Пейтер. Короче говоря, доктор Джоуитт, вы чувствуете, что я преступил границу дозволенного.
Джоуитт. Я чувствую, мистер Пейтер, что письма студенту, подписанные «Ваш любящий», с благодарностью за сонет о медовых устах и быстрых бедрах Ганимеда могут быть истолкованы фатальным для университетских идеалов образом, даже если обсуждаемый студент не был бы известен под прозвищем Баллиольский педик.
Пейтер. Вы меня поражаете.
Джоуитт. Баллиольский педик, я убежден.
Пейтер. Нет, нет, я поражен тем, что вы не считаете возможным истинно платонический обоюдный пыл.
Джоуитт. Платонический пыл, если уж речь зашла о Платоне, есть пыл, который опустошит частные школы и наполнит тюрьмы, не подави мы его в зародыше. При переводе «Федра» [58] мне понадобилась вся моя ловкость, чтобы перефразировать описание педерастии в ту уважительную привязанность, каковая приличествует англичанину и его жене. Платон сам совершил бы эту перестановку, приведись ему заправлять Баллиолем.
Пейтер. И все же, Мастер, никакой ловкости не отменить любви к мальчикам как приметы общества, почитаемого нами за наиблестящее в истории культуры, превосходящего в нравственном и умственном отношении сопредельные нации.

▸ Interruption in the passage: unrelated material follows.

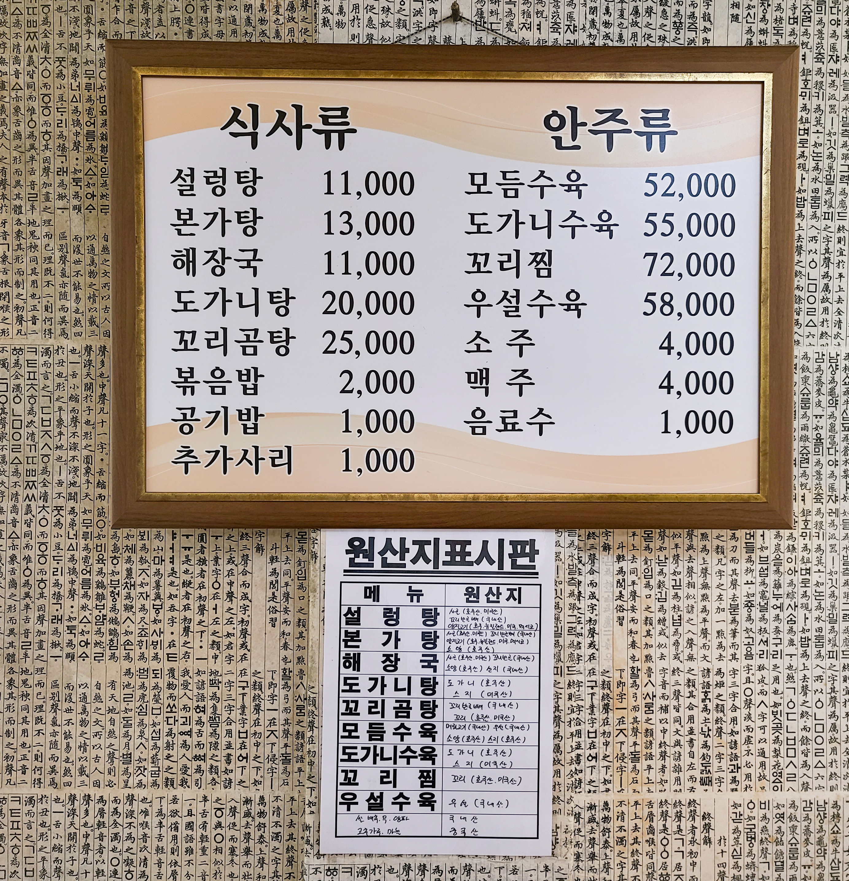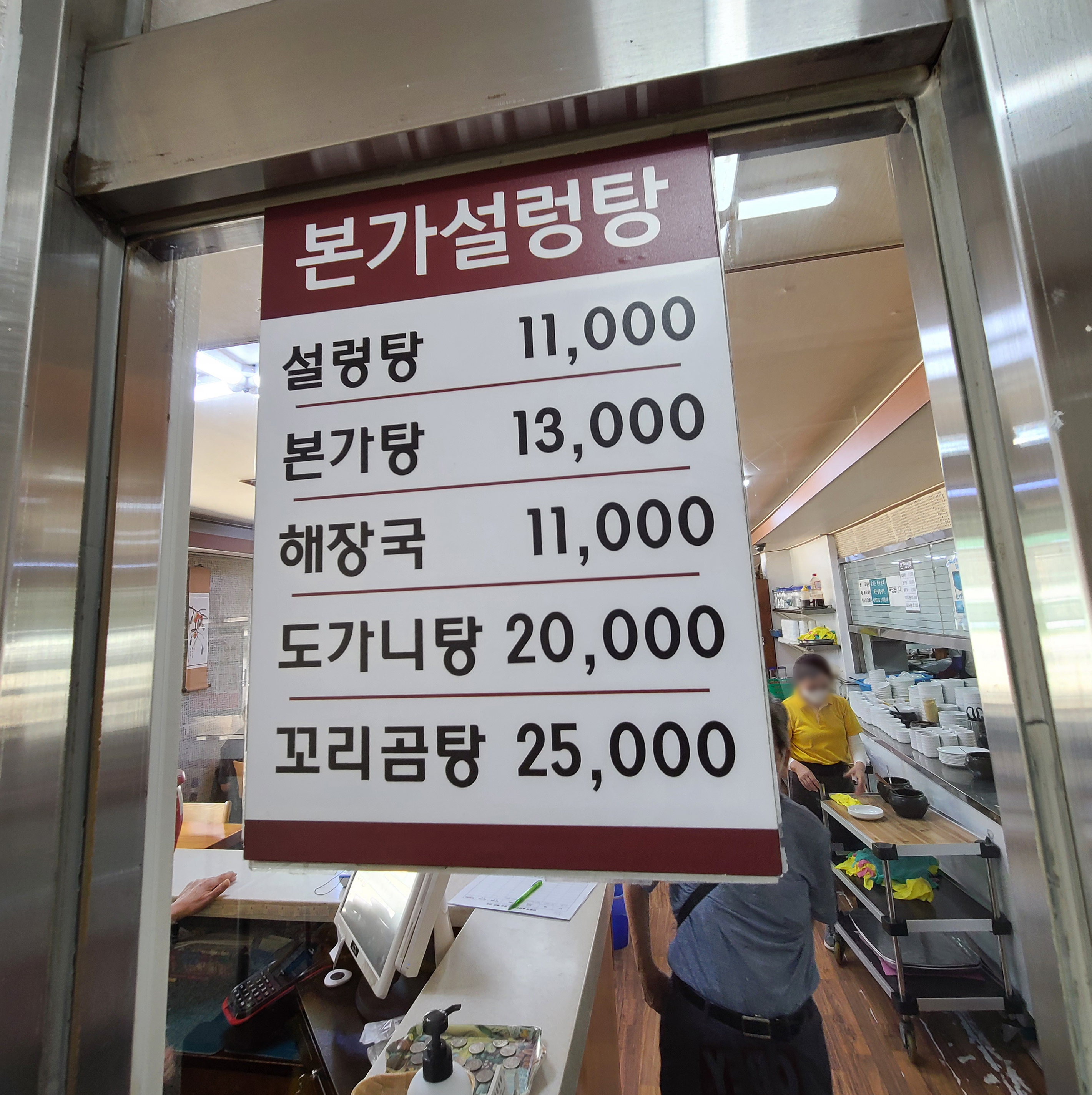 본가 설렁탕의 메뉴는 위와 같습니다. 설렁탕, 본가탕, 해장국, 도가니탕, 꼬리곰탕, 볶음밥, 모듬수육, 도가니수육, 꼬리찜, 우설수육 등 이 있었습니다. 저희는 설렁탕과 본가탕을 주문하였습니다.
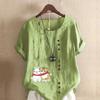 Damenmode Katzen und Kaninchen bedrucktes Rundhals Kurzarm T-Shirt Lässig Baumwolle Leinen Grafik Shirt Freizeit Locker Sommer Bluse Tops

Джоуитт. Вы крайне добры, но один студент [59] у нас погоды не делает; я написал отцу, чтобы его забрали. (Хаусмену, который появляется с новой книгой.) Складывайте вещи, сэр, и убирайтесь! Пагуба, которая принизила славу Греции, не возобладает над Баллиолем!
Пейтер (уходя, Хаусмену). Это долгая история, но время все расставит по местам.
Хаусмен. Я – Хаусмен, сэр, из Сент-Джона.
Джоуитт. В таком случае я отказываюсь понимать, почему я к вам обратился. Кто ваш наставник?
Хаусмен. Я посещаю мистера Уоррена из Магдалины трижды в неделю.
Джоуитт. Да, верно. Уоррен [60] – выпускник Баллиоля, он говорил о вас. Он думает, что вы на многое способны.
Хаусмен. Правда, сэр?
Джоуитт. Если вы сумеете отказаться от своей легкомысленности и цинизма и найдете другой способ избавиться от ирландской провинциальности, кроме как отпускать жеманные замечания о фарфоровых вазах и расхаживать в бриджах сливового цвета, что вы и так не делаете, и острижете волосы – вы ведь не тот, правда? Оставим. Что у вас там? О, «Катулл» Мунро [61]. Я видел его у Блекуэлла [62]. Целый океан Мунро и драгоценная капля Катулла. Поразительно, за что люди платят четыре шиллинга и шесть пенсов. Катулл в вашем списке для чтения?
Хаусмен. Да, сэр, «Свадьба Пелея и Фетиды» [63].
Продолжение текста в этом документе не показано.